◆ **Items from a dataset**:
# # # # # # #

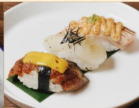
ABURI NIGIRI SUSHI 98 炙りにぎり寿司 3貫 Unagi Cheese, Scallop, Salmon & Spicy Mayo Nigiri
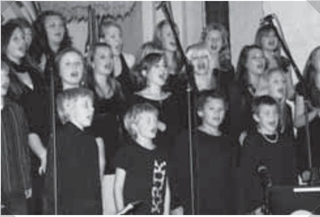
Konsert i Borby kirke onsdag kveld.

som hadde stått for organiseringen, og en stor del av menigheten var satt i sving med å lage det deilige måltidet til oss! Vi prøvde å blande oss så godt vi kunne under måltidet, slik at vi kunne bli litt bedre kjent med hverandre. Etter maten hadde vi litt felles program med sang og bl.a. en bildepresentasjon av Sannidal og menighetslivet der. Så var det tid for turnéens aller siste konsert, og nå skulle alle gi
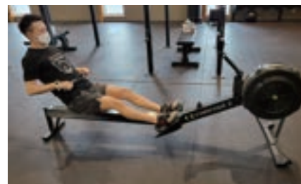
ローイングマシン

バーベルを肩で担ぎ、膝より深くしゃがんで立ち上がる動作を20回行うチャレンジです。

# # # # # # #

The lines to copy run from the line containing "som hadde stått" through the end of the data above; copy exactly those, minus the pictures.

◆ **Solution to the problem**:
som hadde stått for organiseringen, og en stor del av menigheten var satt i sving med å lage det deilige måltidet til oss! Vi prøvde å blande oss så godt vi kunne under måltidet, slik at vi kunne bli litt bedre kjent med hverandre. Etter maten hadde vi litt felles program med sang og bl.a. en bildepresentasjon av Sannidal og menighetslivet der. Så var det tid for turnéens aller siste konsert, og nå skulle alle gi
ローイングマシン

バーベルを肩で担ぎ、膝より深くしゃがんで立ち上がる動作を20回行うチャレンジです。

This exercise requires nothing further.